Growth in the Corporate Bond market is essential to provide a source of financing to companies and promote economic growth. The reason is that bank credit is insufficient to meet all the requirements for finance from organisations. Additionally, Commercial banks that provide such capital are also heavily dependent on retail deposits which are typically for the short term.

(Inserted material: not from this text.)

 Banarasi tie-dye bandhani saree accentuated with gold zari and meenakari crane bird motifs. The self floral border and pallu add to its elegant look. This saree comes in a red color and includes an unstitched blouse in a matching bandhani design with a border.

The bond market acts as a bridge and fulfills this gap between short-term deposits and long-term loans by providing long-term finance. As a result, the Reserve Bank of India (RBI) and the Securities and Exchange Board of India (SEBI) have taken various steps to promote the Corporate Bond market in the country. Due to these measures, the Corporate Bond market has increased owing to:
The Corporate Bond market is affected by many factors, and understanding these factors is essential for you to make a better investment decision. The following are the points:
Credit Spreads And Risk Appetite
Credit spread is the difference in yield or interest between a Corporate Bond and a risk-free benchmark, which shows the market’s perception of the bond issuer’s credit risk. A wider credit spread shows a higher perceived risk, while a narrow one shows lower risk and higher credit quality. Credit spreads are crucial to determine the price of Corporate Bonds. Credit spreads are affected by various factors, including credit ratings, macroeconomic conditions, global market trends, and investors' sentiments.

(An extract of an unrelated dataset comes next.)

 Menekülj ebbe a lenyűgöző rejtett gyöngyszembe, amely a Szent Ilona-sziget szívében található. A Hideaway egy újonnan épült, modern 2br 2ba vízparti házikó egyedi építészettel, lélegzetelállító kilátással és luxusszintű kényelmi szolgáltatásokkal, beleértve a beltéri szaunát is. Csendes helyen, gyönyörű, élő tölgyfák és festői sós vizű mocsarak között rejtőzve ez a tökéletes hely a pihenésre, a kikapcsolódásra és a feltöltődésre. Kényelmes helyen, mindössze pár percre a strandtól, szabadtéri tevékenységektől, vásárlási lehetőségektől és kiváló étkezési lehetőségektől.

Investor Demand And Supply Dynamics
Demand and supply influence the bond market in different ways. Interest rates, inflation, liquidity of the bonds, and investor preferences influence the demand for the bonds. On the other hand, government policies, regulatory framework, and the company's funding needs affect the bond supply. Understanding these demand and supply dynamics ensures you anticipate the potential bond yield changes and invest accordingly.

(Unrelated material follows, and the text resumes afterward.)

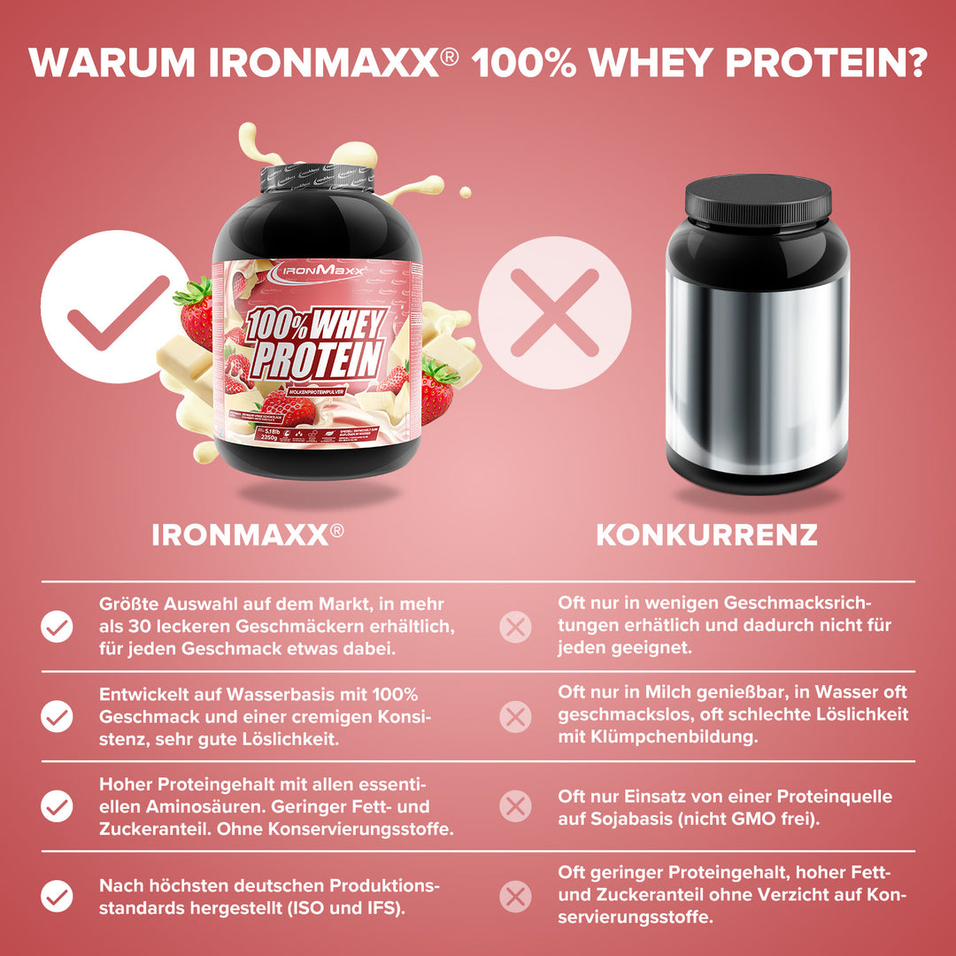 IronMaxx® 100% Whey Protein zählt zu den beliebtesten Proteinshakes für Muskelaufbau, Regeneration und Diätphasen. Mit bis zu 80 % Eiweiß, einem kompletten Aminosäurenprofil (inkl. BCAAs & EAAs) und cremigem Geschmack ist es der ideale Begleiter für deinen Fitnessalltag.

Regulatory And Policy Changes
Regulatory and policy changes affect the bond market considerably. SEBI and RBI implement reforms whenever required to improve transparency and market infrastructure. The policy changes may positively or negatively affect the investor's sentiments. But understanding the regulatory changes helps you navigate the changes in the financial market. As per the latest circular of SEBI published on 16th June 2023, investors can have better transparency because the circular tells that online bond platform providers (OBPPs) should cease offering products or services that are not permitted under the guidelines and this restriction ensures that investors are exposed only to listed debt securities.
Industry And Sector Trends
This includes economic cycles, government policies, global factors, and changes in technology that affect different sectors differently. For example, investors are more interested in investing in renewable energy, infrastructure, and technology after favorable policies were introduced. While industries that are facing economic or regulatory challenges, including may attract fewer investors.
Impact Of Technological Advancements
The ever-evolving technology impacts the bond market significantly. After the introduction of numerous digital platforms resulting in ease of access and reduced operational and transactional costs, people are more inclined towards Corporate Bonds. Moreover, technological advancement allows better risk management that helps in better credit analysis and decision-making.
Corporate Bonds are ideal for you if you are willing to take slightly higher risk, as they are riskier than the fixed deposit and government bonds but also provide higher returns. Moreover, they are less riskier than equities, making them perfect for a balanced mix of risk and return.
Corporate Bonds provide a good diversification tool as they have a low correlation with the financial markets and may help you reduce your portfolio volatility.
Corporate Bonds can be a good fit if you want to generate a consistent passive income. As Corporate Bonds offer better returns than traditional investment options, they allow you to improve your income stream. You can always look for the company's creditworthiness and the bond's rating before investing.
The Corporate Bond market is majorly influenced by various factors. Understating these factors ensure you select the best investment suitable for your investment goal and risk appetite.
Are you looking to invest in Corporate Bonds and capitalise on the factors shaping the bond market? Check out Grip Invest, an investment discovery platform for Corporate Bond investments where you can explore a variety of bonds, research, and have expert insights. Sign up with Grip Invest today!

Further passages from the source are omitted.